CR 528 begins at an intersection with CR 545 in Bordentown, Burlington County, heading east on two-lane undivided Crosswicks Street through areas of homes and businesses. The route crosses US 130/US 206 in commercial areas before continuing into Bordentown Township and passing a mix of farm fields, businesses, and residential neighborhoods. The road enters Chesterfield Township, turning southeast and crossing over the New Jersey Turnpike (I-95) before reaching a junction with CR 672. CR 528 then passes through farmland and wooded areas, with some homes, intersecting CR 660 at a roundabout and CR 677. After the junction with the latter, the road turns east in residential areas before passing more agricultural areas. The route turns southeast onto Jacobstown-Chesterfield Road at the CR 664 intersection and continues through areas of farmland, woodland, and residences as it crosses into North Hanover Township. CR 528 briefly joins with CR 665 at Jacobstown as it turns east into a mix of woods and homes as Jacobstown Road, turning southeast again to intersect CR 537, where CR 528 Truck heads east along CR 537. Past CR 537, the route continues into a mix of agricultural and wooded areas.
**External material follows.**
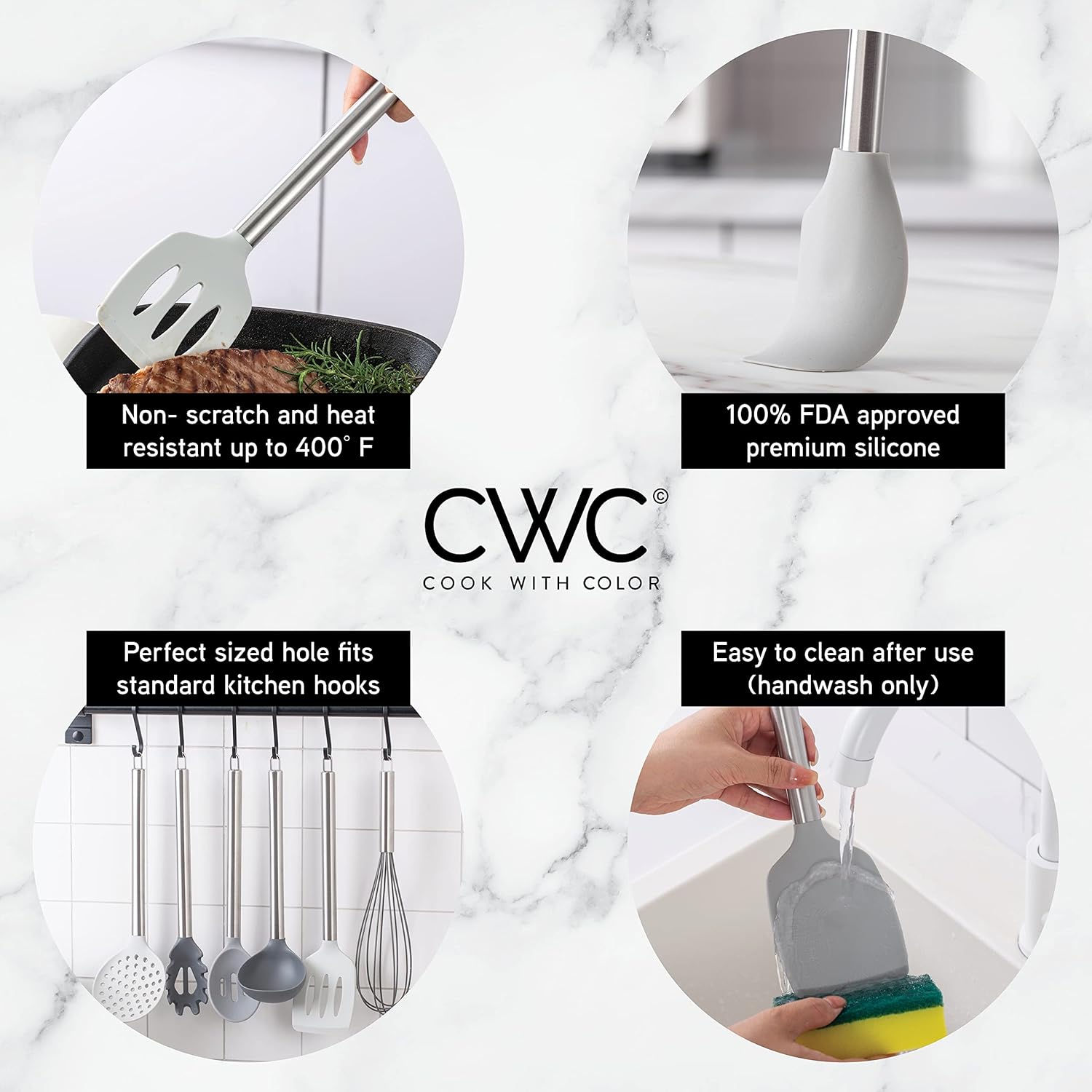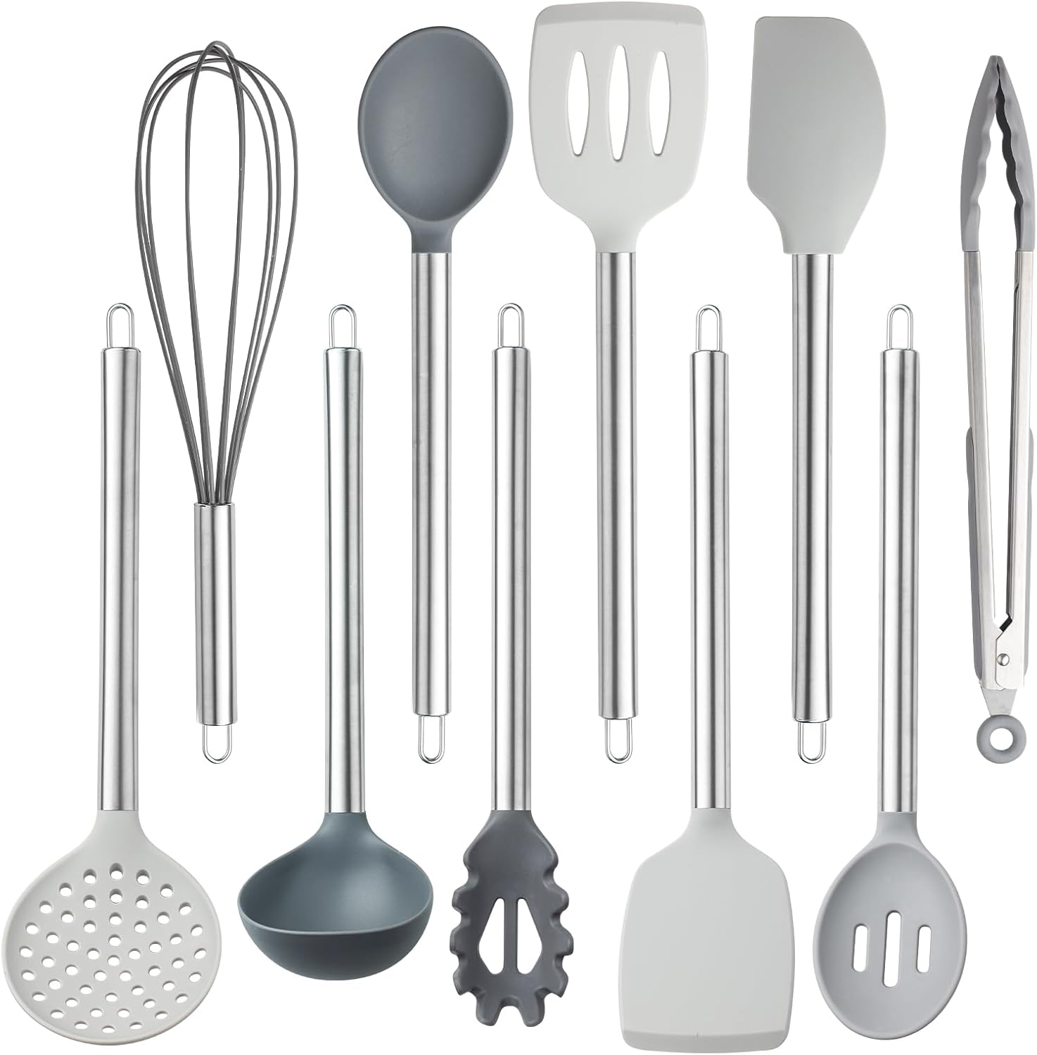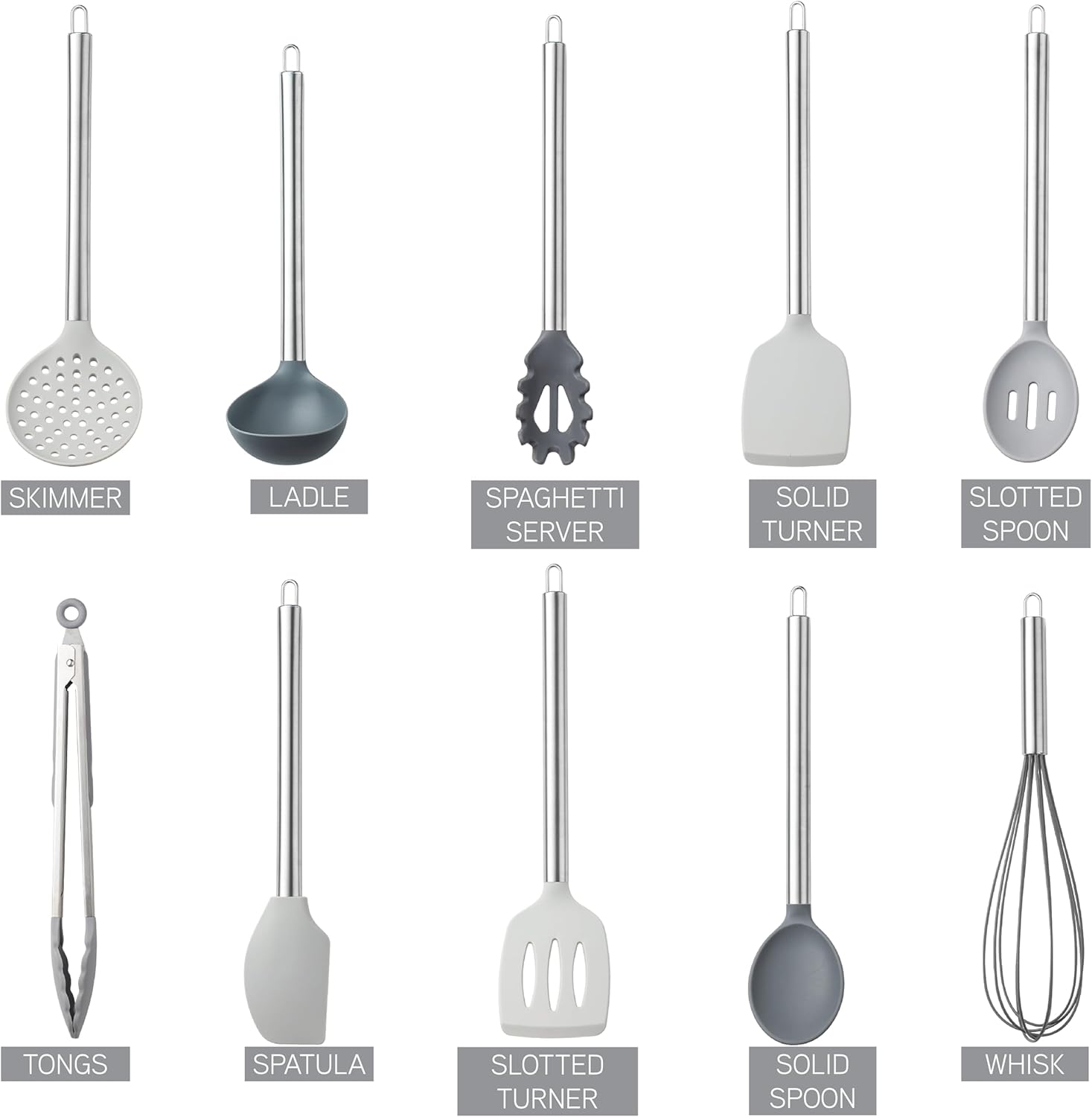 COOK WITH COLOR Silicone Cooking Utensils, Kitchen Utensil Set, Easy to Clean Silicone Kitchen Utensils, Cooking Utensils for Nonstick Cookware, Kitchen Gadgets Set, 10 Pieces, Grey Ombre

CR 528 continues into Plumsted Township in Ocean County, continuing into the community of New Egypt, where the road passes homes and businesses. After intersecting CR 616, the route heads east onto Main Street and passes through the commercial downtown of New Egypt before turning northeast near more homes. CR 528 leaves New Egypt by heading east on Lakewood Road, with CR 10 continuing northeast along Main Street. The road continues through rural residential areas as it reaches a junction with CR 539 and the eastern terminus of CR 528 Truck. From here, the route enters forested areas of the Pine Barrens with some residences, crossing into Jackson Township at the CR 640 intersection. CR 528 becomes West Veterans Highway and heads east to an intersection with CR 571 in the community of Cassville. From this point, the road runs through more residential sections of the Pine Barrens before coming to the CR 527 junction. At this point, CR 528 heads southeast concurrent with CR 527, with CR 636 heading east. The road passes near more wooded areas of homes before turning east and passing to the south of a lake. CR 527 splits from CR 528 by heading south on Whitesville Road, with CR 528 continuing east as East Veterans Highway. Farther east, the route intersects CR 547 and CR 639, where CR 547 turns east to form a concurrency with CR 528. The two routes continues through residential and commercial development, intersecting CR 626 before crossing into Lakewood Township. At this point, CR 528/CR 547 becomes Lakewood-New Egypt Road and turns northeast into wooded residential neighborhoods. In this area, the routes turn east onto Central Avenue and passes more homes before crossing Lake Carasaljo and coming to an intersection with US 9.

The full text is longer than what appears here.